Maths plays a crucial role in helping children with vision impairment understand not just number, shape and size, but their understanding of the world. Mary McDonald explains
Sighted children's learning is constantly reinforced by the colours, shapes, objects, facial expressions, images, animals, landscapes, and architecture they see.
Children with a vision impairment have greatly reduced opportunities for this incidental learning. So maths questions offer great opportunities to reinforce concepts, fill any gaps and extend a child’s knowledge.
For example some children need to be shown that a rugby ball is not round, or that there are 52 cards in a pack and that half of them are red.
Many blind and partially sighted children need additional help from their teacher to develop a secure grasp of numerical concepts. A young sighted child soon appreciates that rearranging objects on the table doesn’t change the number of objects present. Where a child can only see part of the table or a few of the objects at one time, or can only access them by touch, this may not seem so obvious.
Children with vision impairment often wish to work with tangible objects for longer than their peers, to develop their sense of number and pattern, square numbers and factor pairs. Use counters or bricks to illustrate that prime numbers can only be divided by themselves and one.
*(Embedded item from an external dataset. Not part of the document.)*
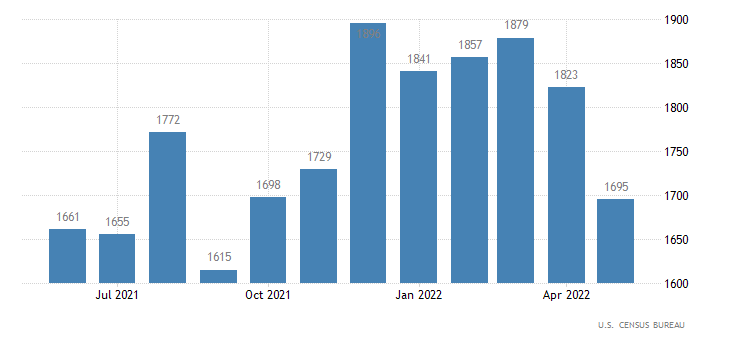 I permessi di costruzione a maggio hanno segnato una contrazione del 7%: ad aprile ne emessi erano stati 1,823 milioni (dato rivisto da 1,819 milioni), mentre a maggio ne sono stati emessi 1,695 milioni. Il consensus prevedeva un calo più contenuto, ad 1,785 milioni. Il dato è rilasciato dall’U.S. Census Bureau.
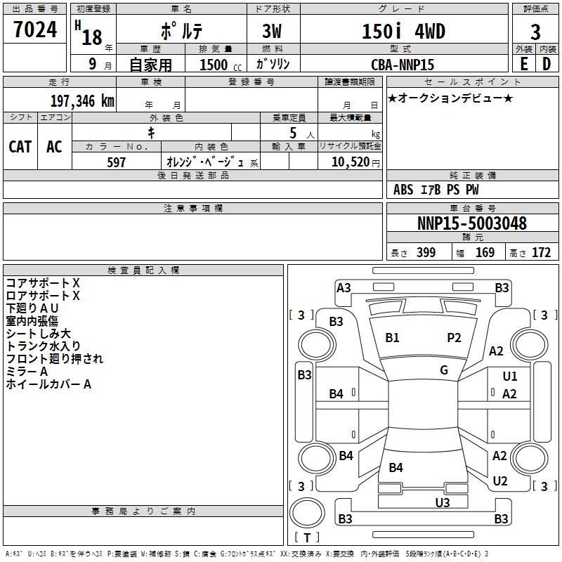 TOYOTA PORTE 150i 4WD - лот 7024

It is easier to keep track of cubes or counters in a contrasting coloured tray.
Blind children may prefer to use a peg board such as from a solitaire game, as pegs can be felt more easily than counters without rearranging them. An abacus can also be useful for early counting, pattern and sequence activities.
Some blind and partially sighted children are less likely than their sighted peers to have independently paid and received change in a shop. And because price labels are often too small to read, some children with a vision impairment need more input from teachers and parents to develop a sense of the relative value of everyday products.
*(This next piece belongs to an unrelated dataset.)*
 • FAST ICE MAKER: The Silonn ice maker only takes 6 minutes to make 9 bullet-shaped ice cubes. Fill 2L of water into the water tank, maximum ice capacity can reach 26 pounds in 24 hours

Learning to recognise and discriminate between coins and notes is an essential independence skill. Use real money – it offers tactile clues such as ridged edges and weight, unlike plastic money which feels very different. Insist they give it back!
RNIB's online shop sells products to help with handling notes and coins. Involve the child's habilitation worker and parents so that the child develops a consistent approach to learning about money.
For written work some learners need a bigger bolder decimal point and some find it helpful if it is highlighted with fluorescent marker. If you are producing your own resources then consider an alternative to using the full stop as a decimal point: insert a special symbol that will be a larger dot, centred vertically. The specialist teacher for vision impairment can advise.
Good vision makes it much easier to estimate length and gain a sense of relative size. Blind and partially sighted children may need many additional meaningful opportunities to practise measuring and estimating, and ordering objects by size. As well as being essential mathematical concepts, these skills really help when children are learning to get around independently.
You can buy a tactile ruler from RNIB's online shop. The specialist teacher for the visually impaired will be able to teach the tactile method for using the ruler.
Some children with impaired vision are only able to measure accurately to within 0.5cm. Candidates sitting public examinations using modified large print or Braille papers are likely to be allowed an error margin of 0.5cm when measuring or drawing.
Transparent measuring equipment can also be adapted with bold marker pen, Bumpon stickers or tacti-mark. Some children find it easier to measure liquid if you add food colouring to make it easier to see.
Plastic trays divided into sections to teach Hundreds, Tens and Units.
Magnetic place value cards for building up two and three digit numbers – hundreds, tens and units overlay each other. These are particularly useful if a partially sighted child uses a sloping work surface, to bring their work closer.
One hundred squares in a large font or overlaid in braille using Velcro strips. Tiles can be blanked out using Blu Tack or with blank tiles that you attach with Velcro. Ask the child to work out which numbers are covered. The same adaptations can be used for bingo.
Easy-to-see or braille number lines with some numbers pre-marked to help with understanding subtraction and negative integers.
Large print number fan for group activities – some children need someone to tell them what numbers are being displayed. Matt fans are easier to see than ones with a glossy finish.
Fractions boards – labelled in braille if necessary. Make sure that the per cent symbol and ratio colon can be read easily.